Я его впустил. Теперь он, не снимая ботинок, переминался в прихожей, под нашей небольшой коллекцией соломенных шляп. Электрический свет стер все тени, и я рассмотрел его ясно. Артур, кто там? – окликнула Лотте из гостиной. Мы с гостем встретились взглядами. Я спросил, он ответил. Без слов. Договорились мы так: ни при каких обстоятельствах он нас не потревожит, не поставит под угрозу и не растопчет то, что мы выстроили с таким трудом. Да, дорогая, отозвался я. Кто пришел? – спросила Лотте. Я снова посмотрел на Даниэля. Подведет? Не подведет? Нет, похоже, не подведет. Лицо серьезное, и уговор наш он воспринял серьезно, и еще что-то сквозило в его взгляде – я принял это за благодарность. Тут за спиной у меня послышались шаги Лотте. К тебе гость, сказал я.

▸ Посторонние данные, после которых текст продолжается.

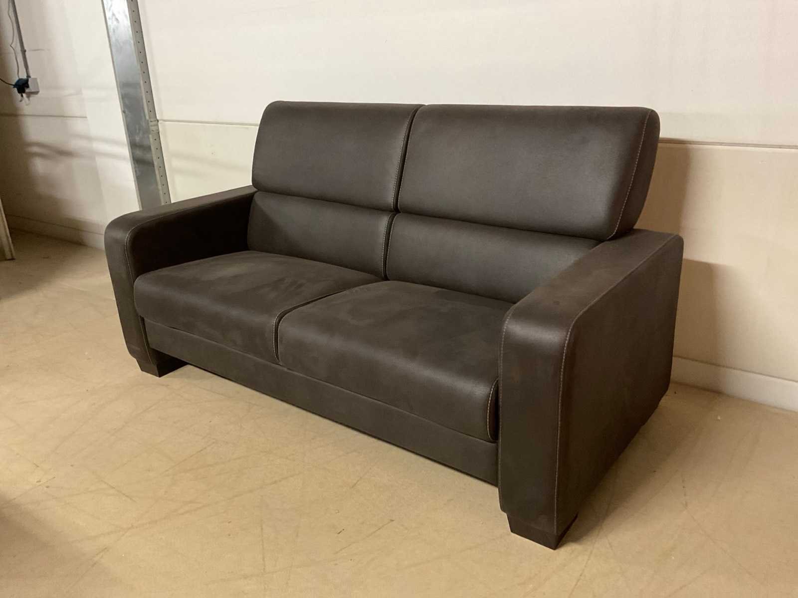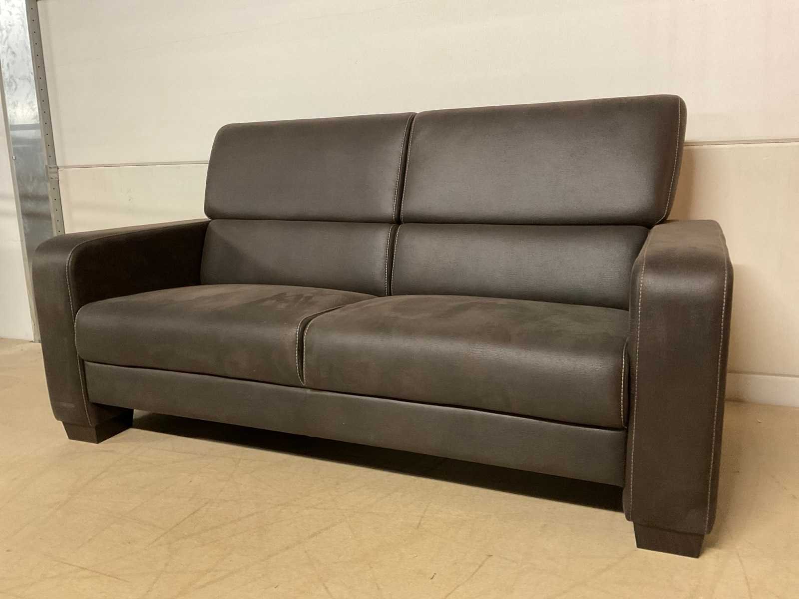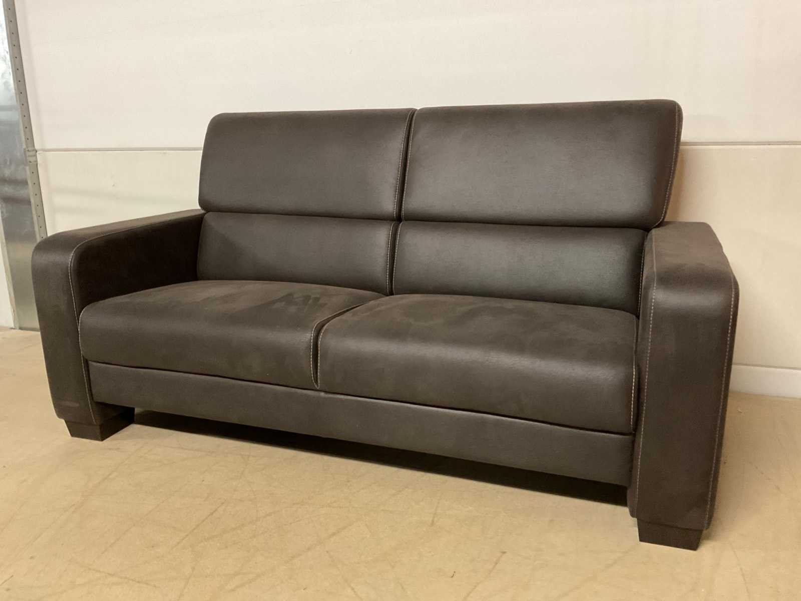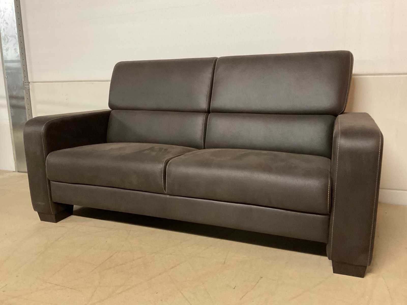 Model: Aneli Kleur: Donkerbruin/zwart Lengte: 85cm Breedte: 184cm Hoogte: 96cm Zithoogte: 45cm Diepte: 53cm Materiaal: Suède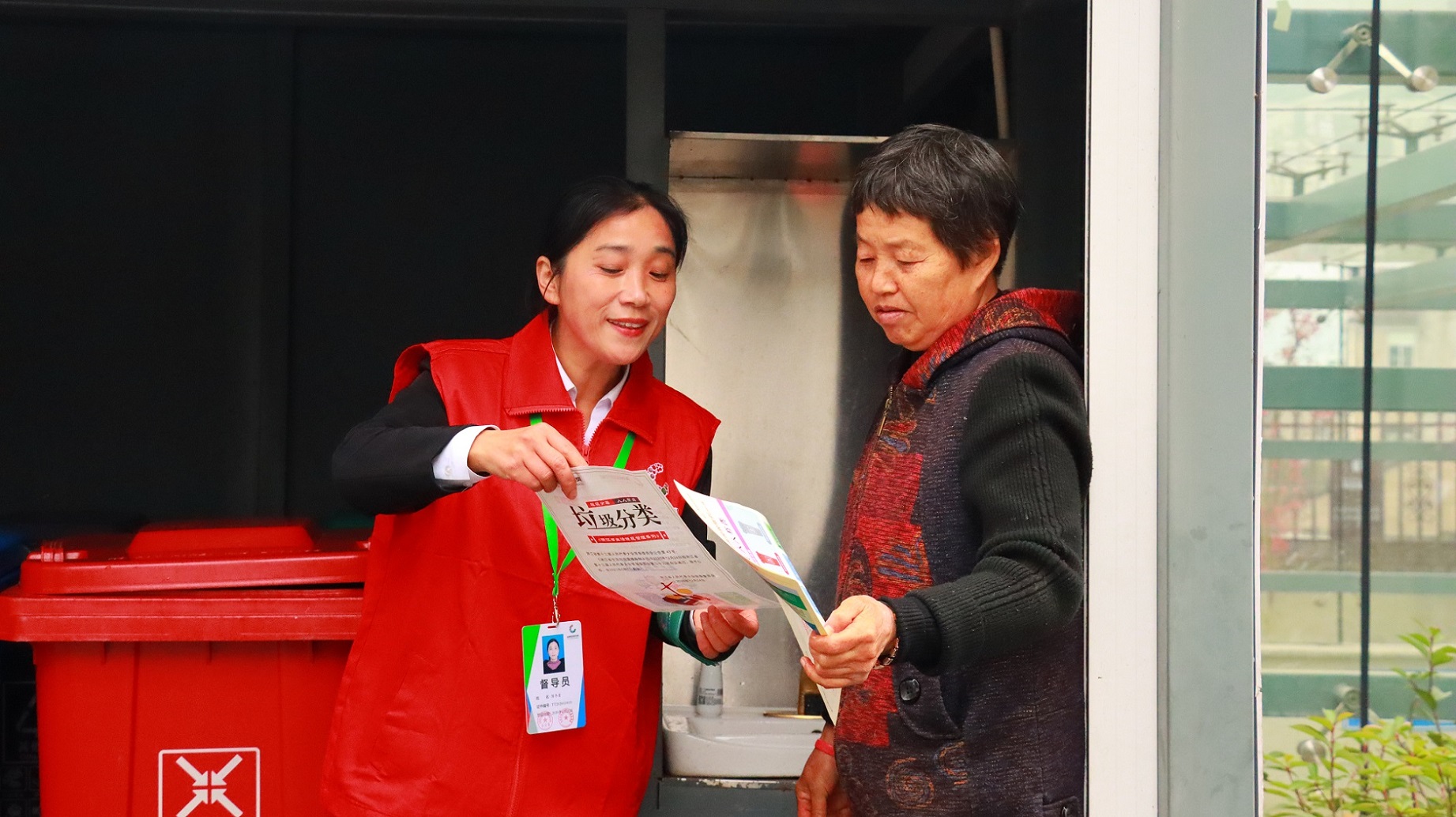 天臺(tái)縣的桶邊督導(dǎo)員熱情洋溢的給前來投放垃圾的小區(qū)居民講解垃圾分類知識(shí),居民正聽得聚精會(huì)神

Понимаете, наша жизнь была размерена, отлажена как часы. Каждое утро мы гуляли в парке Хэмпстед-Хит. В ту сторону – по одной аллее, обратно – по другой. Я сопровождал Лотте к проруби, мы назвали это место прорубью, потому что купалась Лотте в любое время года, даже зимой, не пропускала ни дня. Там у нас три водоема: только для мужчин, только для женщин, а последний для всех. Тут она и купалась, чтобы я мог посидеть на скамейке у воды. Зимой рабочие прорубали отверстие во льду. Они, должно быть, приезжали ночью, в темноте, потому что к нашему приходу прорубь всегда была готова. Лотте снимала пальто, потом свитер, сапоги, брюки – толстые шерстяные брюки, которые очень любила, – и наконец из-под одежд появлялось ее бледное тело, пронизанное голубыми венами. Я знал каждый сантиметр этого тела, но ранним утром, на фоне влажных, черных деревьев оно меня особенно возбуждало. Лотте подходила к кромке воды. И на мгновение совершенно замирала. О чем она думала? Бог весть. До самого конца она оставалась для меня тайной. Иногда на ее тело падал снег. Снег или листья, но чаще всего – капли дождя. Порой мне хотелось крикнуть, нарушить эту неподвижность, вторгнуться в то, что принадлежало в этот момент только ей одной. И вдруг Лотте в мгновение ока исчезала в черной воде. Тихий всплеск, и снова тишина. Как ужасны были эти несколько секунд, как долго они длились! Целую вечность. Словно она уже никогда не вынырнет. Какая тут глубина? – спросил я однажды, но она уверила меня, что не знает. Не единожды я вскакивал со скамьи, готовый – вопреки моей водобоязни – прыгнуть следом. Но тут голова ее, гладкая, словно у тюленя или выдры, вспарывала водную гладь, и она подплывала к лестнице, где я уже ждал с полотенцем в руках.

По вторникам в восемь тридцать утра я садился на поезд и ехал в Оксфорд. В Лондон возвращался только в четверг, к девяти вечера. Когда мы ходили в ресторан с моими коллегами, Лотте снова и снова объясняла, почему она не может жить в Оксфорде. Колокола все время звонят, мешают работать. Вдобавок оксфордские студенты вечно спешат: то врежутся в тебя, едучи на велосипеде, то пихнут или заденут на бегу и даже не заметят, а все потому, что витают в эмпиреях. По крайней мере единожды на каждом таком обеде я слышал, как Лотте рассказывала про девушку, которую сбил автобус на улице Сент-Джайлс. Лотте сама это видела. Вот девушка переходит улицу, а вот – тут Лотте резко повышала голос – она лежит как куль, под колесами автобуса. Это настоящее преступление, продолжала Лотте, они выпускают детей в мир, нашпиговав их головы Платоном и Витгенштейном, но совершенно не прививают им навыков повседневной жизни, не учат избегать элементарных опасностей. Странный текст из уст человека, который целыми днями сидит, уединившись в кабинете, и выдумывает разные, не всегда правдоподобные сюжеты. Но на это ей никто никогда не указывал – из вежливости.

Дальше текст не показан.